Karen McAulay gets in touch with her Inner Geek…
It is strange to think that only a decade ago, hardly anyone would have heard of big data. For something so large, it’s relatively easy to get your head around the concept. Big data is where you assemble such an enormous quantity of digital data that you are able to analyse it and make it tell a story. A fascinating story, in fact. (Or am I just such a geek that it satisfies some geeky need deep within myself? No, that can’t be right – because there are plenty of other people equally enthralled with it!)
In order to work with “big data”, you need a high volume of data, high velocity and high variety; perhaps unsurprisingly, a great amount of work has already been done in the sciences. However, the Arts and Humanities Research Council funded three projects involving music, because they wanted to get the compilation and analytical research processes used more within the arts. At this year’s recent IAML (UK & Ireland) Annual Study Weekend, Sandra Tuppen spoke about the AHRC-funded project that she has been working on: ‘A Big Data History of Music’ (for their blog see here). Royal Holloway (part of the University of London) and the British Library worked together on this project under the direction of Principal Investigator Stephen Rose of Royal Holloway, with Sandra herself as Collaborator. The project ran from January 2014 to March 2015. Other AHRC-funded big data projects elsewhere involved audio analysis and optical character recognition of music.
Sandra explained that their project worked with large datasets gleaned from different kinds of bibliographic records: RISM A/1, for pre-1800 music (making use of electronic data that is not yet fully online for regular access); RISM B/1 for printed anthologies; the RISM online catalogue of manuscripts from 1600-c.1850; and the British Library catalogue. Dates of publications and manuscripts are crucial for a historical approach, of course, and Sandra demonstrated graphically what happened to the statistics if one failed to take into account things such as estimated decades where no publication or other accurate date could be established by a cataloguer.

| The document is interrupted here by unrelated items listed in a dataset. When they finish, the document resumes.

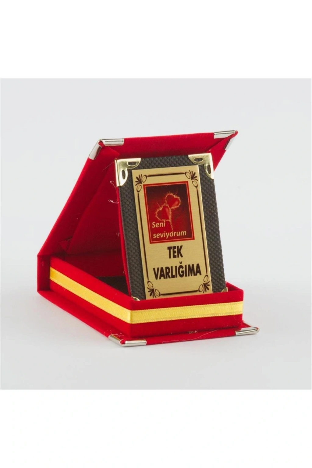 Süet kutulu plaket, metal üzerine yazı yazılarak üretilmiştir, ölçüleri kurulu vaziyette; yükseklik: 11cm, genişlik: 8cm'dir. sevgililer günü hediyesi, sevgililer için hediye, sevgiliye özel hediye , en güzel sevgililer günü hediyesi, 14 şubat, aşkıma özel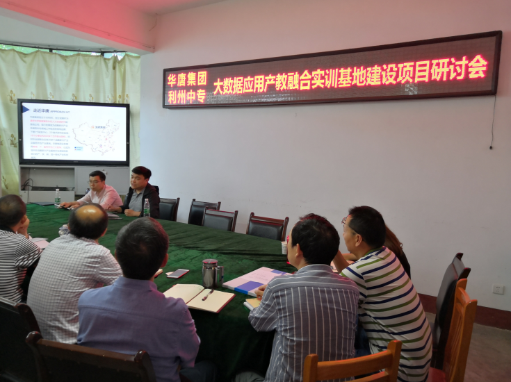 会议针对广元市利州中等专业学校大数据应用产教融合实训基地建设方案展开了论证与探讨。宋庆东副总经理向参会领导汇报了华唐集团大数据应用产教融合基地建设的项目背景、建设模式、运营方案、建设效益等情况,学校赵刚副校长对项目建设进行了可行性分析,剖析了学校参与基地建设过程中可能存在的问题与难点。双方经过多角度多层面的研讨,不断寻求合理的解决方案。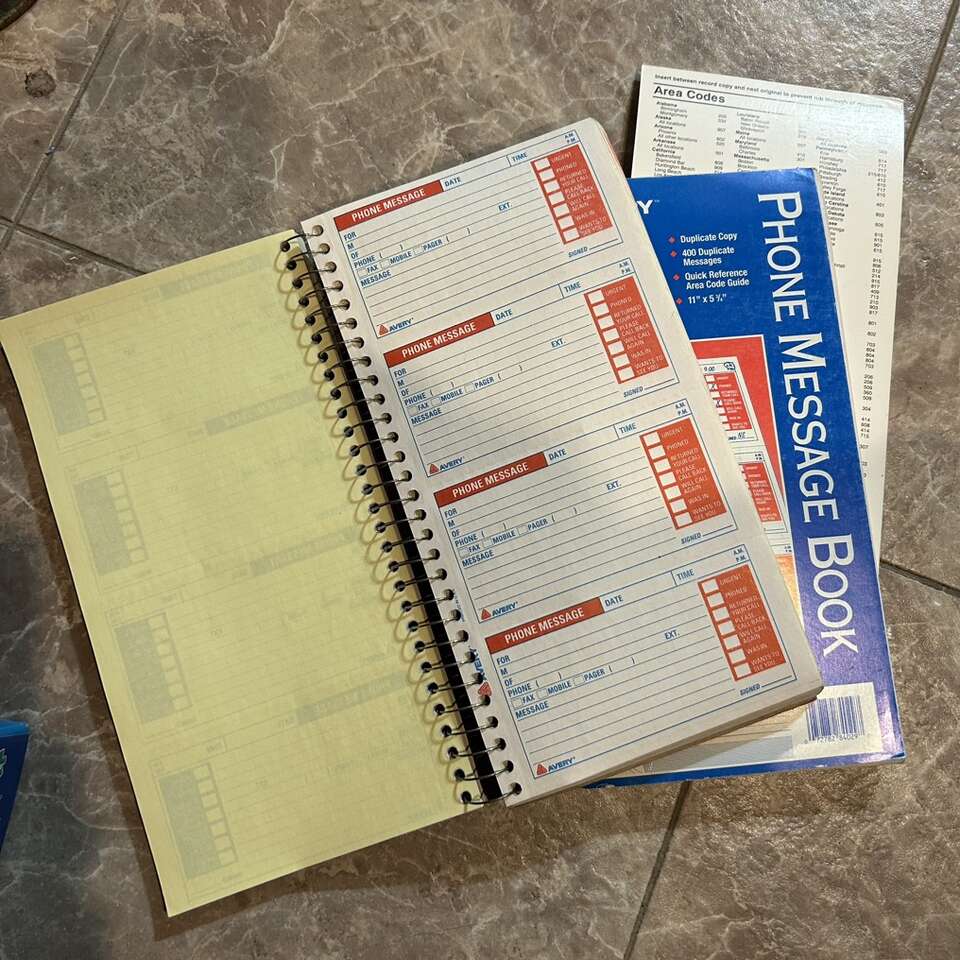 Two Barely used (maybe 2 or 3 pages) Avery Phone Message Books with Duplicate Copy on yellow paper. Updated edition with Fax and Mobile phone boxes. 11” X 5 3/4”. One book had the card-stock (area code directory) insert to place between record copy and next original to prevent rub through of message. Delivery available to a convenient location when in your area for $5.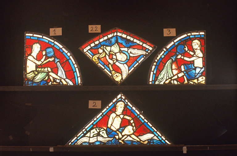 Verrière contemporaine de la cathédrale actuelle reconstruite après l'incendie de 1194. Selon la chronologie traditionnelle, elle peut être datée entre 1205 et 1215.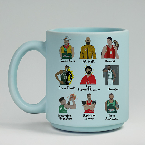 Ένα συλλεκτικό σχέδιο για κάθε φανατικό του ελληνικού μπάσκετ, διαθέσιμο σε κούπες, μπλούζες και πολλά ακόμα δώρα.🏀

The big data history of music most dramatically demonstrates trends in sixteenth and seventeenth century music publishing, and little-known composers’ names rise to the surface where there turned out to be far more publications than one might have imagined. For example, 9,000 composers’ works got into print in the 17th and 18th centuries, and much more has been identified in manuscripts from the 17th to 19th centuries. Political events and cultural affairs are also reflected in the big data results, as in the case study of Scotland-themed publications where there was a big rise in so-called “Scottish”, or “Scotch” music around the Ossian era, peaking around the 1780s, dipping around 1820 and then rising again as Queen Victoria’s love of Balmoral and things Scottish led to another surge of enthusiasm for Scottish song.
Sandra observed that the low point in these “Scottish” publications in the 1820s was rather surprising. However, I can think of various things that were also going on in the cultural scene around then. The Ossian craze was lessening, once the author James Macpherson’s fabrications were found out and acknowledged. Music actually published in Scotland was being simultaneously published in England in any case, so there may have been less demand for ersatz material. The ballad opera era with its plethora of “Scotch” and “Jocky and Jenny” songs had come to an end. And Sir Walter Scott had put tartan on the map with his stage-managed visit of King George IV to Scotland in 1822. Scotland, for long enough a reluctant part of the United Kingdom, was – for now at least – more accepting of its British monarch and Britishness, whilst still remaining proud of its own cultural identity. But perhaps this easier relationship of Scotland with England might have been another reason for less production of “Scottish” material compared to the late 18th century. If you can get the real thing, why settle for anything less? It’s not as though none of it was being published, in any case – just a lot less than at the Ossianic apogee.
Other case studies looked at Palestrina’s and Purcell’s music, in terms of which genres and places produced the most Palestrina materials; and where Purcell’s manuscript anthems survived most plentifully, indicating the places where the repertoire was most popular.
In conclusion, Sandra reminded delegates that the RISM data could actually be inspected via the Open Data Service, as could the British Library open data. Those unafraid of RDF/XML and with a healthy curiosity in facts, figures and statistics, were urged to take a look, and all were reminded that Sandra and the rest of the project team would welcome feedback.